One limitation of the present study is the small sample size. Since the indication for Zisser osteotomy is rare, setback and three-piece osteotomies are excluded, and only patients with advancement of more than 4 mm were included in the study. Thus, we had relatively few cases. Another limitation of the study is the lack of functional evaluation, such as video fluoroscopy. However, the main aim of our study was to file the changes of the static cephalometric parameters regarding the morphology of the velopharyngeal structures. It is already shown in the literature that increased velopharyngeal space is associated with increased risk of velopharyngeal insufficiency after the maxillary advancement procedures [12, 19, 23, 26, 27]. The Zisser osteotomy group revealed no significant changes in PNS-PPW and U-PPW distances, whereas the Le Fort I osteotomy group evidenced significant changes in the same distances, including an extension of the upper airways and an increase in the velopharyngeal space.

5. Conclusion

Zisser’s anterior segmental osteotomy is a reliable procedure for advancement of maxilla with respect to morphological changes in the velopharyngeal structures, especially sagittal measurements and measurements of area of velopharyngeal space on lateral cephalograms. Zisser’s osteotomy may become the best solution in selected cases, such as cleft patients who have anterior open bites and increased risk of postoperative velopharyngeal insufficiency.

Ethical Approval

This study was approved (accepted as exempt) by local ethics committee (Ethics Committee of the Medical Association of West Falen-Lippe and Medical Faculty of the University of Munster).

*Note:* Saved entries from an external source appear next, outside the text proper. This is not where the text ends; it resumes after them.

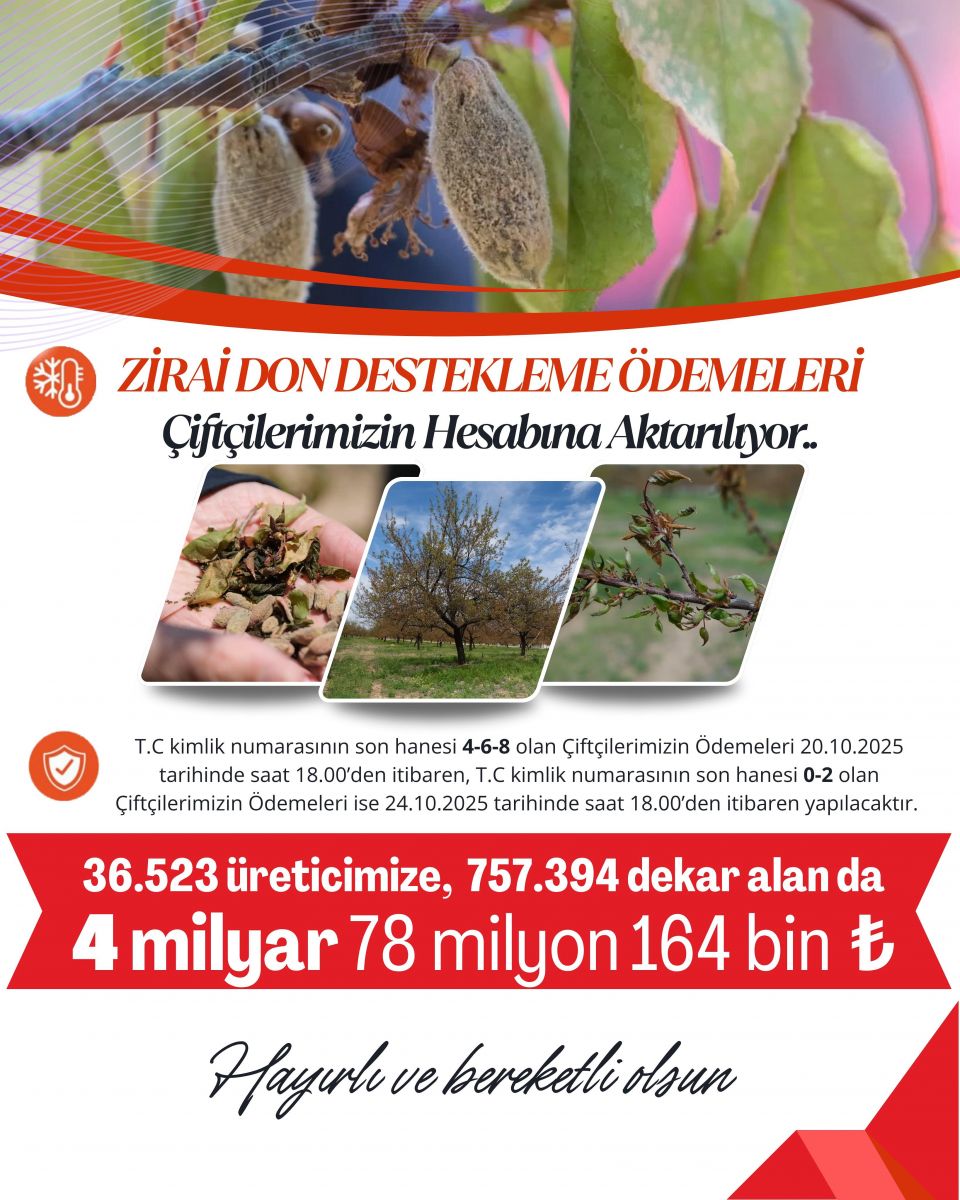 Babacan, “T.C. kimlik numarasının son hanesi 4-6-8 olan çiftçilerimizin ödemeleri 20 Ekim 2025 tarihinde saat 18.00’den itibaren, 0-2 olan çiftçilerimizin ödemeleri ise 24 Ekim 2025 tarihinde saat 18.00’den itibaren yapılacaktır. Bu kapsamda TARSİM sigartası olmayan, ancak ÇKS bulunan 36 bin 523 üreticiye, 757 bin 394 dekar alan için toplam 4 milyar 78 milyon 164 bin TL destek sağlanacak." şeklindeki bilgiyi paylaştı.
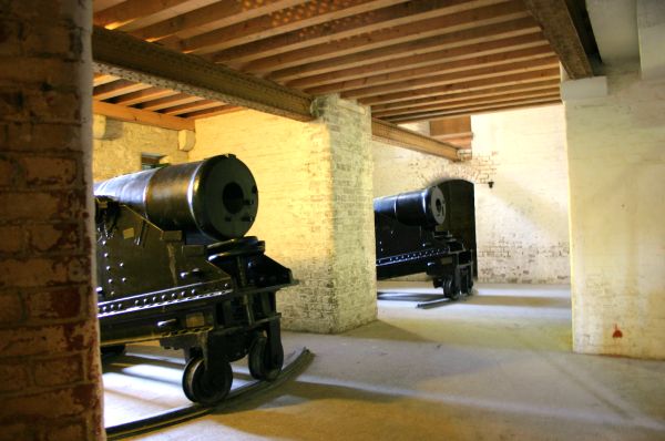 For flank defence of the main branches of the ditch, casemated buildings that projected into the ditch were constructed to mount short range guns. These guns were specially adapted to fire case shot only. At Fort Nelson there were two smaller, demi caponiers with guns to fire down the ditches of the flanks and one full, or double, caponier to defend the two major branches of the main North ditch. When the fort was competed the armament for the caponiers was undecided. It was not until the early 1880s that a special gun and carriage was adopted for the flank defence of ditches. This was the 32pr. Smooth Bore Breech loading gun of 42 cwt.
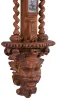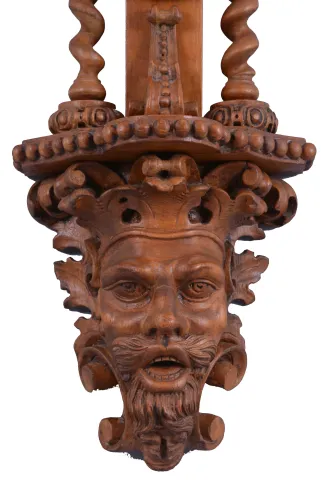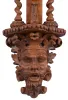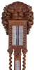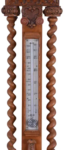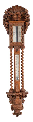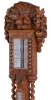 T. Boxell, Brighton, an ornately carved softwood barometer, the base with "green man" mask, trimmed with foliate ornament, beneath a shelf with barley twist columns flanking a thermometer with engraved reamur and fahrenheit scales, the top with engraved
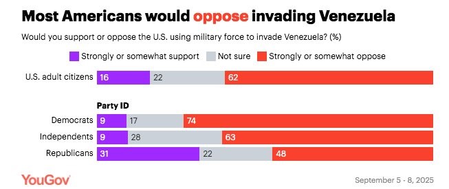 D'après un sondage YouGov publié le 31 octobre, les Américains sont réticents à soutenir un déploiement naval autour du Venezuela. Ils sont davantage enclins à rejeter qu'à approuver des attaques militaires contre des vedettes rapides et des cibles terrestres. L'opposition au renversement violent du président Maduro s'intensifie.
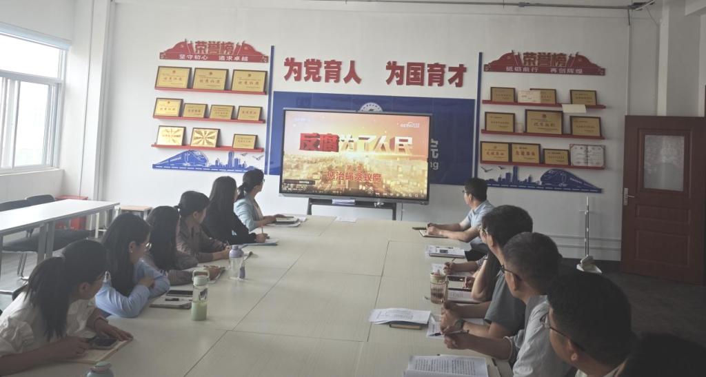 “以案示警、以案明纪”警示教育环节,支部纪检委员李帅通报了一批违纪违法典型案例,全体党员集中观看中央纪委国家监委警示教育系列片《反腐为了人民》第一季“惩治蝇贪蚁腐”。专题片以基层“微腐败”真实案例,揭露其对群众利益的侵害。满春燕要求党员教师以案为鉴,时刻绷紧纪律之弦,坚决杜绝“四风”问题,自觉维护教师队伍的良好形象。支部全体党员深刻认识到腐败危害无大小,必须时刻保持警醒,筑牢廉洁自律防线,特别是身为教师党员,更要坚守高尚师德,严守纪律红线,在公司产品中以身作则,引导员工树立正确价值观。
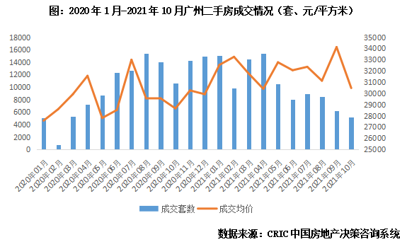 受到增值稅征免年限調整、房貸額度管控等影響,5月以來,廣州二手房成交量拾級而下。4月,廣州市9區(qū)住宅銷售增值稅征免年限由2年提高至5年,增加了二手房交易成本,導致5月以來掛牌量顯著下降,6月二手房成交罕見跌破1萬套,同比驟降34%,8月末廣州發(fā)布二手房指導價,9月二手房成交量應聲下跌,僅為6191套,同、環(huán)比分別下滑56%和27%,10月,二手房成交環(huán)比繼續(xù)跌16%。
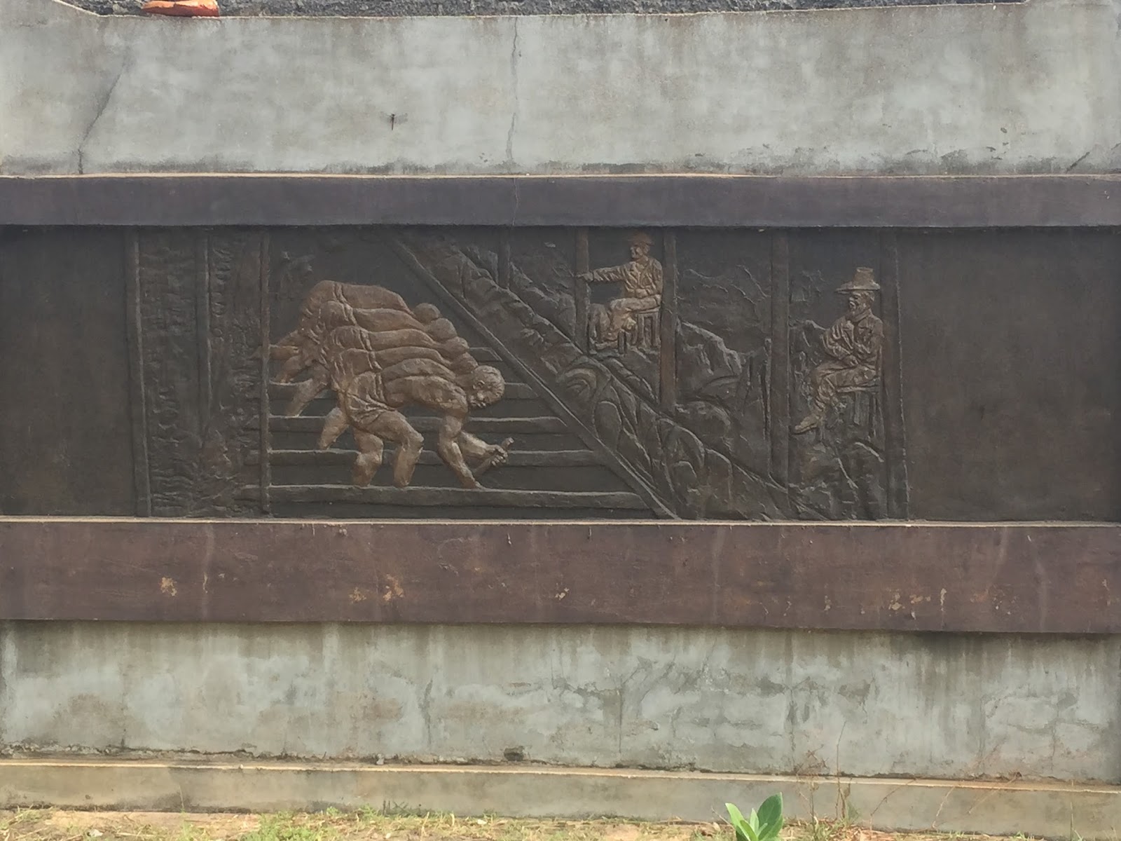 Le mémorial est, quant à lui, constitué d’ une stèle, haute de plusieurs mètres, sur laquelle sont représentées des scènes racontant l’esclavage à Ouidah.

Names of the authors in the front matter are ordered according to the order of the authorship. The study was accomplished in the University Hospital Münster, Oral and Maxillofacial Surgery Clinics.

Conflict of Interests

The authors declare that they have no competing interests.

Authors’ Contribution

Furkan Erol Karabekmez, Johannes Kleinheinz, and Susanne Jung have made substantial contributions to conception and design of the study. Furkan Erol Karabekmez, Johannes Kleinheinz, and Susanne Jung have been involved in drafting the paper. All authors have given final approval of the last version.